■ **Exercise goal**
With pictures left out, set down exactly the lines that begin at the one containing "アンティークやレトロが好きだ" and end with the last line of the entries below.

____ Exercise data

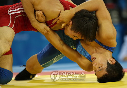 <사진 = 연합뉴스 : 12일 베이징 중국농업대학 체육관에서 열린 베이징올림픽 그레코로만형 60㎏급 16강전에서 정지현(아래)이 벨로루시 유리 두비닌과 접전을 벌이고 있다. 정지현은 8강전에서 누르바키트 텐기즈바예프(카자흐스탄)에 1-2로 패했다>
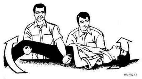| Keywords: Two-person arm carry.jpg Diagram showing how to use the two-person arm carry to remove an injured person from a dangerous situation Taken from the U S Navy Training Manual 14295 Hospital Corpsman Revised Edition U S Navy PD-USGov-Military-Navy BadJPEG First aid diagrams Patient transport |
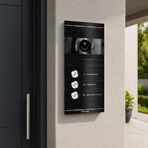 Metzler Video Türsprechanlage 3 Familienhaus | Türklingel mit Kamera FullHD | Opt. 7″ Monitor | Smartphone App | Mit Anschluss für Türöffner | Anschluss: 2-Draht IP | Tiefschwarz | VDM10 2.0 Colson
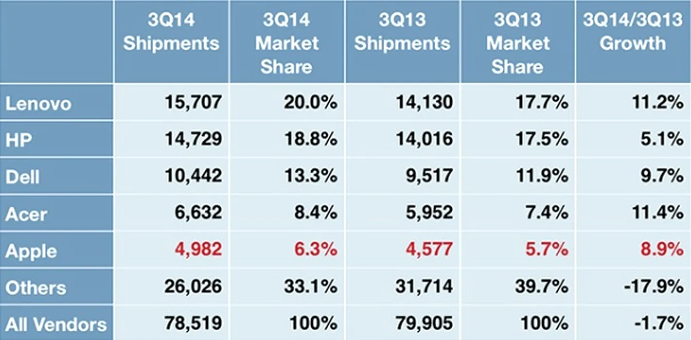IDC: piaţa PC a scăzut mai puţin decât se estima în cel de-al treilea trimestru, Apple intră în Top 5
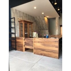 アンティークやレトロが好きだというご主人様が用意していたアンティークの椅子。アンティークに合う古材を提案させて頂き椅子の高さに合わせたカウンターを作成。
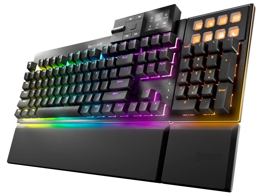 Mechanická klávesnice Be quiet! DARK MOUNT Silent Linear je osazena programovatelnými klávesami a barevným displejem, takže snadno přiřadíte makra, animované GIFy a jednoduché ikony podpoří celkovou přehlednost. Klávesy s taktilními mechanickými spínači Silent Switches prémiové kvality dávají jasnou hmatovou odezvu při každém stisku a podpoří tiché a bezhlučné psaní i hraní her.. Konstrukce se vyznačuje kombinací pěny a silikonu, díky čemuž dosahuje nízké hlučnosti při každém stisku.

________

■ **Exercise result**
 アンティークやレトロが好きだというご主人様が用意していたアンティークの椅子。アンティークに合う古材を提案させて頂き椅子の高さに合わせたカウンターを作成。
 Mechanická klávesnice Be quiet! DARK MOUNT Silent Linear je osazena programovatelnými klávesami a barevným displejem, takže snadno přiřadíte makra, animované GIFy a jednoduché ikony podpoří celkovou přehlednost. Klávesy s taktilními mechanickými spínači Silent Switches prémiové kvality dávají jasnou hmatovou odezvu při každém stisku a podpoří tiché a bezhlučné psaní i hraní her.. Konstrukce se vyznačuje kombinací pěny a silikonu, díky čemuž dosahuje nízké hlučnosti při každém stisku.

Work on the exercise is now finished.